The Athletic’s Jay King and Jared Weiss went back and forth on the topic yesterday, the former writing, “for a franchise that talks about championship banners more than anybody, it seems like even a few years with Durant next to Jayson Tatum would be worth sacrificing what should be a prosperous future with Brown,” and the latter wondering how Jayson Tatum would feel about Durant joining the mix. “It’s one thing to give up the spotlight in international competition and another for a young guy to do it early in his NBA career, after taking a team to The Finals,” King wrote. “[Tatum] cares about the right stuff. But it would be a major adjustment for him to fit next to a player of Durant’s caliber. This is Tatum’s franchise right now. It wouldn’t be if the Celtics [acquired] Durant.”
Then again, what Brown has dealt with and is presently experiencing, even if it’s just tangentially, is part of being a pro, particularly in the NBA. Think about CJ McCollum, floated forever in Portland’s trade talks until he was finally shipped off to New Orleans (a great fit, it turns out). Fitting, that he was Damian Lillard’s second banana, much like some may say Brown is to Tatum.
But there are differences between those franchises and their long-term plans – after a while, it didn’t seem like McCollum made sense as a partner for Dame, while Brown and Tatum have had immense success co-leading the Celtics to four Conference Finals appearances and one NBA Finals berth in their tenure.

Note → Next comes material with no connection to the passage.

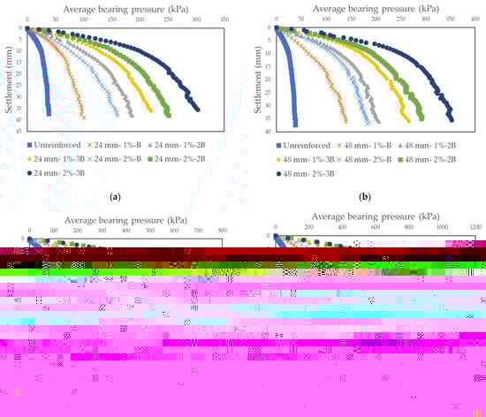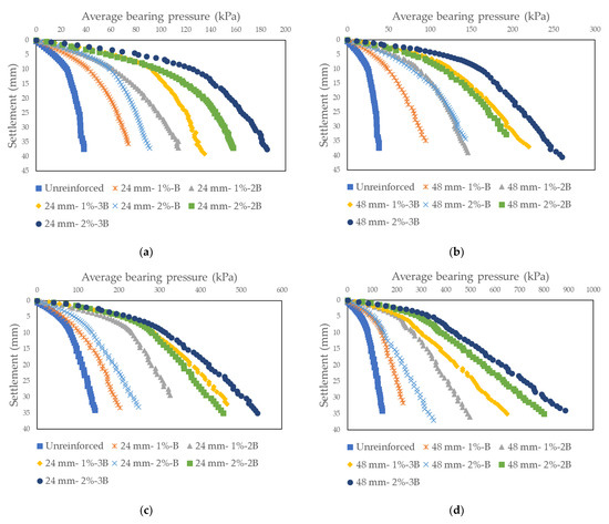 Average base pressure-settlement curves obtained as a result of model tests on sand soil randomly reinforced with glass + macromesh fiber: (a) Dr = 30%, Fl = 24 mm; (b) Dr = 30%, Fl = 48 mm; (c) Dr = 50%, Fl = 24 mm; (d) Dr = 50%, Fl = 48 mm.

Also fitting, that this assignment is a Jaylen Brown exit interview, what with all this talk of him exiting the Celtics franchise at the behest of the coach-turned-GM that drafted him. Just one year after he was a borderline All-Star, borderline champion, and averaged borderline career-highs in almost every category.
Noticing a trend?
Because the NBA calendar cycles through at the speed of light, it’s incredibly easy for us to forget what happened mere weeks ago, let alone months. While Brown’s 2021-22 season was chock-full of highs – 46 points in an Opening Night loss to the Knicks, each point causing everyone who spent the summer calling for the Jays to be split up to recoil a bit more; a 50-bomb in early January – it also ended with a whimper. He averaged 23.1 points per game in the postseason on 47 percent shooting. But he also racked up 3.1 turnovers per contest, recording four-plus giveaways 10 times and seven turnovers twice.
That’s nightmare fuel for fans and players alike when you’re playing against the 2.0 edition of one of the premier offenses in NBA history. And it’s not like Brown just became lackadaisical with the ball in the postseason; this has been a persistent issue for a long time. Do you trade a player because of ballhandling issues alone? Of course not. Do you trade him for Kevin Durant? At the very least, you think about it.
None of the reports that have come out after Durant’s trade request suggested that the Celtics would, could, or will strike a deal for the superstar. The Nets likely plan to keep Durant’s list of preferred teams, the Phoenix Suns and Miami Heat, in mind as they look for a potential partner. But if Brad Stevens plans on calling Sean Marks (and, if I’m a betting man, he does), the first name Marks will mention is Jaylen Brown’s. Be ready to hear that report; be prepared for the possibility of it coming to fruition, albeit slim.
Whether or not Stevens balks at that idea could shape the Celtics immediate future in what might be as impactful a way as Brown has left his fingerprints all over its past. From seasons of struggle to a trip to The Finals, Brown has been as integral a Celtic as Tatum. Nothing can change that.
The raising of an 18th banner can’t be changed once done either, at least symbolically. Whether Brown is in a Celtics uniform to put it up is now one of the biggest questions facing the franchise. Just like he was in 2017, ’18, and so on.
Apparently, nothing’s changed. For better or worse.